Mmmonk, een acroniem voor Middeleeuwse Monastieke Manuscripten – Open – Netwerk – Kennis, is een ambitieus project van de Openbare Bibliotheek Brugge, de Universiteitsbibliotheek Gent, het Grootseminarie Ten Duinen in Brugge en het Bisdom Gent. Mmmonk wil de digitale beelden van bijna achthonderd middeleeuwse manuscripten van de abdijen van Ten Duinen, Ter Doest, Sint-Baafs en Sint-Pieters ontsluiten en samenbrengen in een virtuele bibliotheek via het International Image Interoperability Framework (IIIF).

Het project

Partners

Het overgrote deel van de manuscripten wordt bewaard bij de vier primaire projectpartners: de Openbare Bibliotheek Brugge, de Universiteitsbibliotheek Gent, het Grootseminarie Ten Duinen en het Bisdom Gent. De Universiteitsbibliotheek kan een indrukwekkend palmares voorleggen op het vlak van digitale innovatie, terwijl de Openbare Bibliotheek Brugge een sterke traditie heeft in publiekswerking. Samen met het Grootseminarie Ten Duinen en het Bisdom Gent bundelen ze hun krachten en expertise om de monastieke manuscripten op een hoogwaardige en duurzame manier digitaal toegankelijk te maken voor het grote publiek.

Ze worden hierbij ondersteund door uiteenlopende partners verspreid over Vlaanderen: Abdijmuseum Ten Duinen, Historische Huizen Gent, meemoo, de Vlaamse Erfgoedbibliotheken, FARO, Illuminare - Studiecentrum voor Middeleeuwse Kunst (KU Leuven), Kenniscentrum vzw (Vlaams Onderzoekscentrum voor de Kunst van de Bourgondische Nederlanden), het Henri Pirenne Instituut voor Middeleeuwse Studies (UGent), het Interuniversitair Instituut voor Publieksgeschiedenis (UGent) en het European Lettering Institute.

Kostbare middeleeuwse manuscripten

De kerncollectie monastieke manuscripten bij de vier partners is grotendeels erkend als Vlaams topstuk.

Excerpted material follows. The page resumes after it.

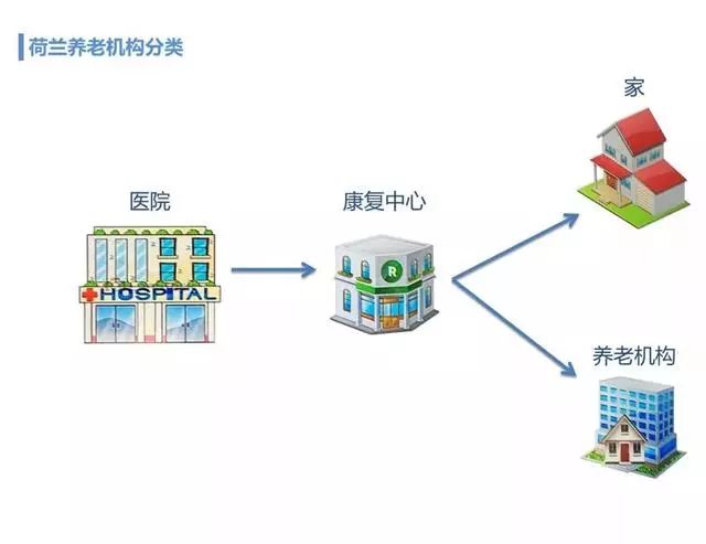荷蘭法律規(guī)定,醫(yī)院的住院時間不允許超過6天。6天之后必須出院。一些老人因為中風或骨折等疾病從醫(yī)院出院后,會被安排在康復中心進行為期2~8周最長不超過6個月的治療,康復中心在治療后,根據(jù)老人的恢復情況,再決定安排他們回家休養(yǎng),還是轉(zhuǎn)到養(yǎng)老護理機構。

De volledige collectie Duinen- en Doestmanuscripten in de Openbare Bibliotheek Brugge en het Grootseminarie Ten Duinen kreeg in 2015 de status van topstuk. De Gregoriaanse manuscripten, het Liber Floridus en de 22 manuscripten van abt Raphaël de Mercatellis in de Universiteitsbibliotheek Gent behoorden toe aan Sint-Baafs en zijn respectievelijk in 2007, 2008 en 2013 erkend. Het Evangeliarium St.-Livinus van Sint-Baafs in het Bisdom Gent en het Ceremoniale Blandiniense van Sint-Pieters in de Universiteitsbibliotheek Gent werden in 2007 en 2008 erkend.

IMPORTANT
An Van Holder aan het digitaliseren. © July Van Malderen

Sint-Baafs (°ca. 630) en Sint-Pieters (°ca. 650-675) waren gedurende het hele ancien régime de machtigste abdijen in Vlaanderen. Ten Duinen (°1127) was een van de belangrijkste cisterciënzerabdijen, op gelijke voet met Clairvaux en Fountains. Ook Ter Doest (°1174) had een verreikende culturele en religieuze uitstraling. Die status werd weerspiegeld in hun uitgebreide en veelzijdige bibliotheken, die fundamentele getuigen zijn van de overdracht van cultuur en kennis in de westerse middeleeuwen. De manuscripten, die dateren van de zevende tot de zestiende eeuw, zijn dan ook vaak het onderwerp van onderzoek en publicatie en worden geregeld tentoongesteld in binnen- en buitenland.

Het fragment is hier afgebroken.